▸ How to complete this task
Set the pictures aside and transcribe exactly the lines from the one containing "On May 1, 2023" through the final line of the records.
.....
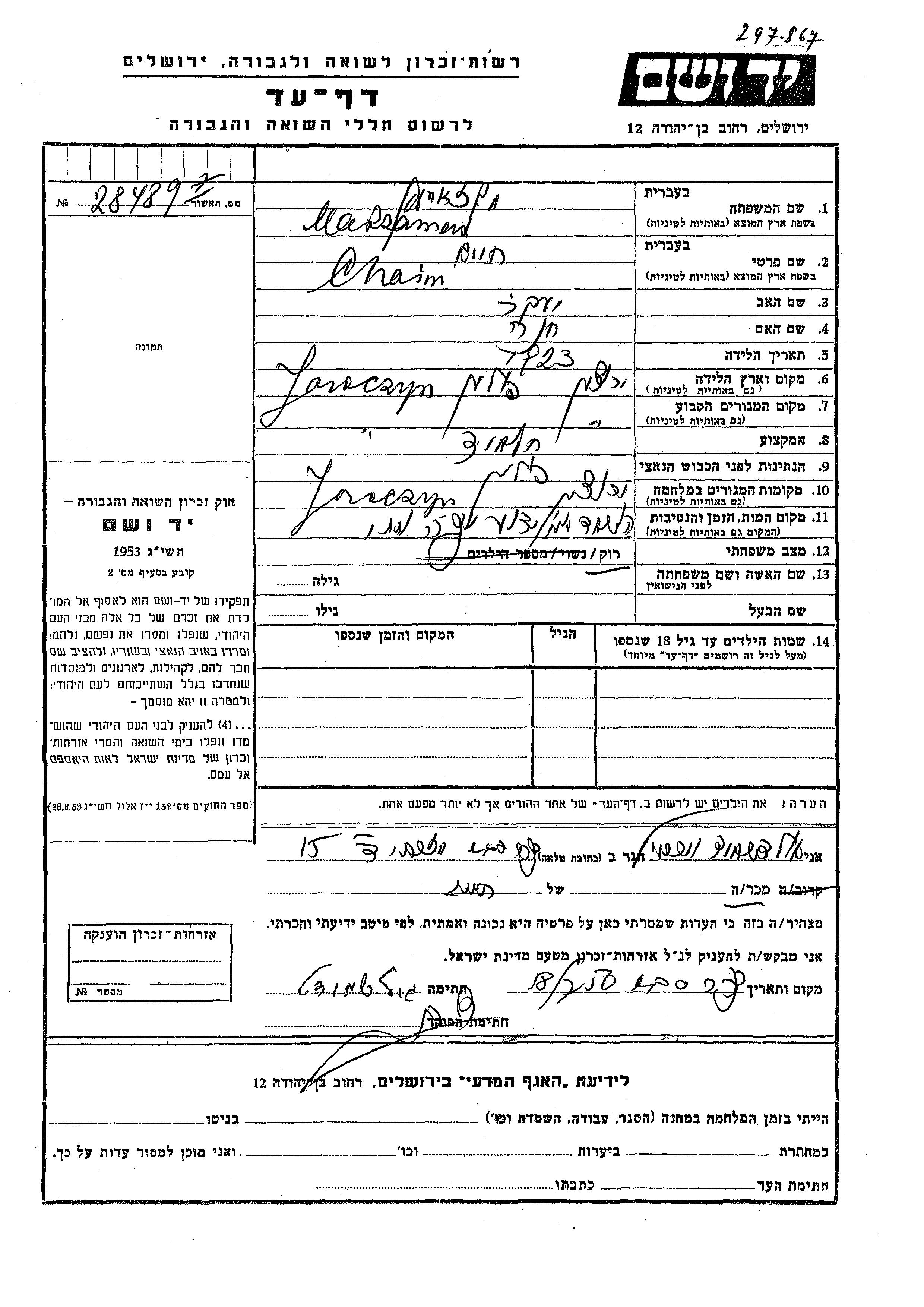 יד ושם - המפעל להנצחת השמות בדפי עד
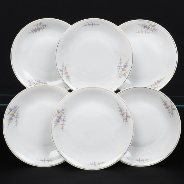 • Jean Haviland, Limoges - França. Belíssima conjunto de pratos fundos executado em porcelana francesa da década de 1950/60; caldeira funda, esmaltagem vítrea na cor branca, decoração em estampagem policromada, composta por ramagens florais estilizadas distribuídas assimetricamente na aba, predominando as tonalidades coral, marsala e amarelo, borda contornada por friso em douradura. Marca da manufatura no verso. Composto de seis(06) unidades. Medida: Diam.: 25 cm.
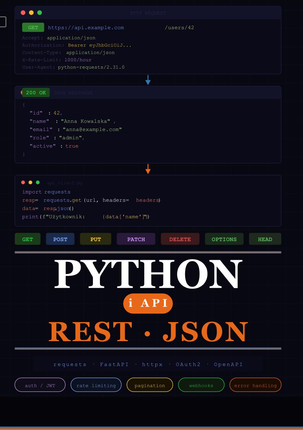Dlaczego Python jest idealny do API? Python ma prostą składnię i bibliotekę requests, która w 3 liniach kodu potrafi połączyć się z dowolnym API na świecie. Nie musisz wiedzieć, jak działa sieć – wystarczy, że znasz adres (URL) i wiesz, jakie dane wysłać. W tym e-booku nauczysz się od podstaw: · wysyłać zapytania do zewnętrznych API, · odbierać i przetwarzać dane (w formacie JSON), · uwierzytelniać się przy użyciu kluczy, · tworzyć własne proste API. Nie potrzebujesz zaawansowanej wiedzy – wystarczy podstawowa znajomość Pythona (zmienne, funkcje, listy, słowniki).
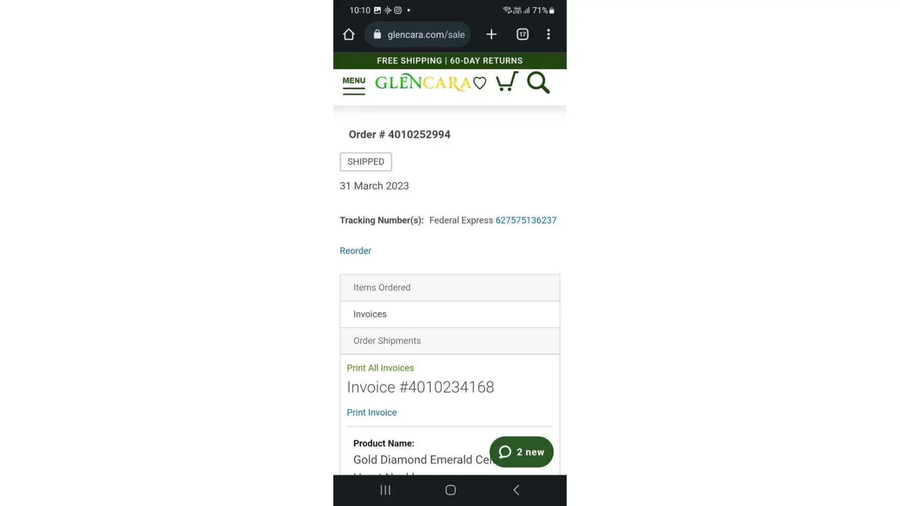 On May 1, 2023 I ordered a Gold Diamond Celtic Heart Necklace for my wife’s May 19 birthday from Glencara. The order confirmation stated its retail value at $8,128, but I only had to pay $4,383 which I did using my credit card. I was told the necklace would be delivered between May 18th and 20th but I didn’t receive it until June 2. It arrived through United Parcel Service (UPS) without the requirement for a signature confirming receipt which made me suspicious. There was not an appraisal with the necklace either which made me more suspicious.
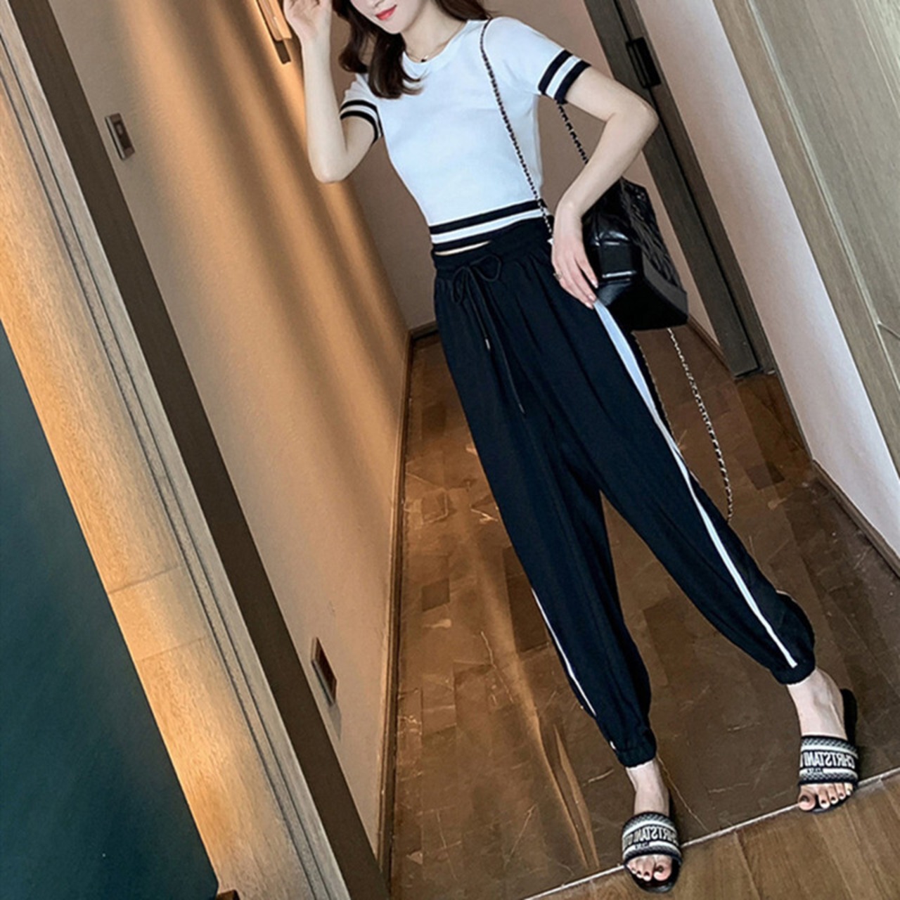 サマードレス2020ニュースーツレディースカジュアルファッションウエスタンスタイルの年齢を減らしてスリムにするウエストレストップハーレムパンツツーピーストレンディ 夏物 yingd34036453044
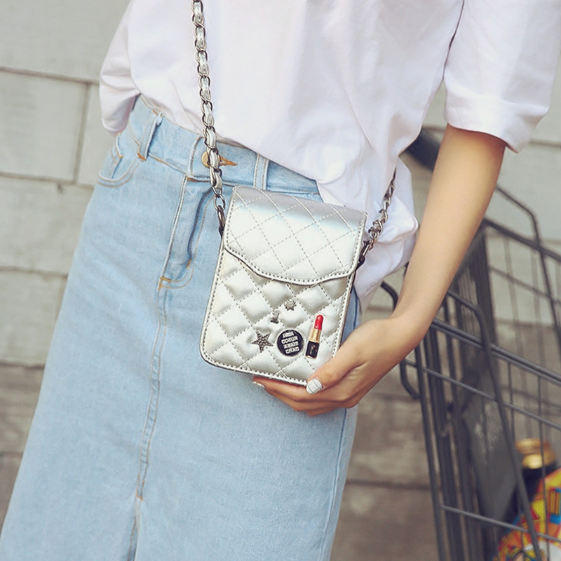 / 包包女新款潮菱格鏈條手機包韓版斜挎迷你小方包單肩女包小包
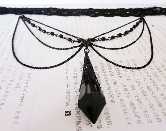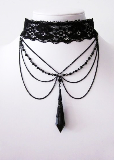 Սև մեծ քարով, շղթաներով, ժանյակավոր, գեղեցիկ վզնոց:
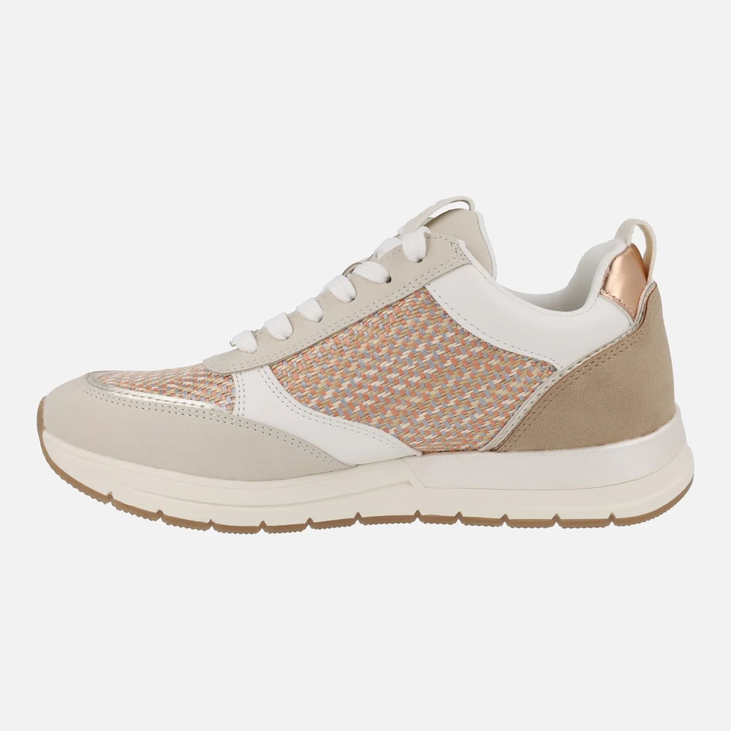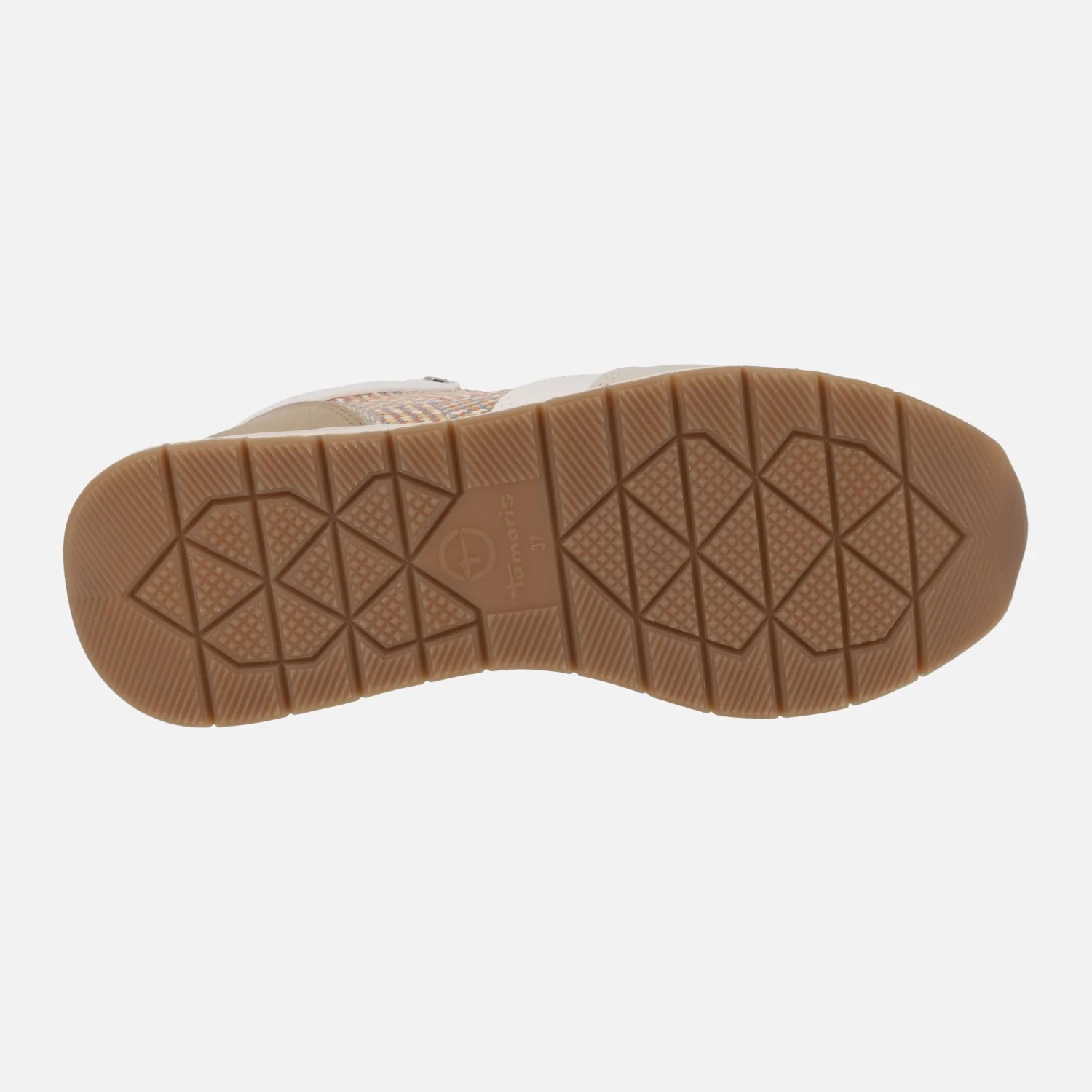 Zapatos deportivos para mujer de la marca Tamaris, modelo 1-23732-41 Ivory. Sneakers elaboradas en tejido combinado con sintéticos, combinando taupe y beige con tejido rafia de colores. Detalle en metalizado bronce en la parte del talón. Cierre de cordones textiles y cremallera en el lateral exterior. Plantillas extraíbles en tejido. Forro mixto de tejido y sintéticos. Piso de goma con casi 3,5 cms de altura trasera (2 cms parte delantera).
.....
▸ Task solution
 On May 1, 2023 I ordered a Gold Diamond Celtic Heart Necklace for my wife’s May 19 birthday from Glencara. The order confirmation stated its retail value at $8,128, but I only had to pay $4,383 which I did using my credit card. I was told the necklace would be delivered between May 18th and 20th but I didn’t receive it until June 2. It arrived through United Parcel Service (UPS) without the requirement for a signature confirming receipt which made me suspicious. There was not an appraisal with the necklace either which made me more suspicious.
 サマードレス2020ニュースーツレディースカジュアルファッションウエスタンスタイルの年齢を減らしてスリムにするウエストレストップハーレムパンツツーピーストレンディ 夏物 yingd34036453044
 / 包包女新款潮菱格鏈條手機包韓版斜挎迷你小方包單肩女包小包
 Սև մեծ քարով, շղթաներով, ժանյակավոր, գեղեցիկ վզնոց:
 Zapatos deportivos para mujer de la marca Tamaris, modelo 1-23732-41 Ivory. Sneakers elaboradas en tejido combinado con sintéticos, combinando taupe y beige con tejido rafia de colores. Detalle en metalizado bronce en la parte del talón. Cierre de cordones textiles y cremallera en el lateral exterior. Plantillas extraíbles en tejido. Forro mixto de tejido y sintéticos. Piso de goma con casi 3,5 cms de altura trasera (2 cms parte delantera).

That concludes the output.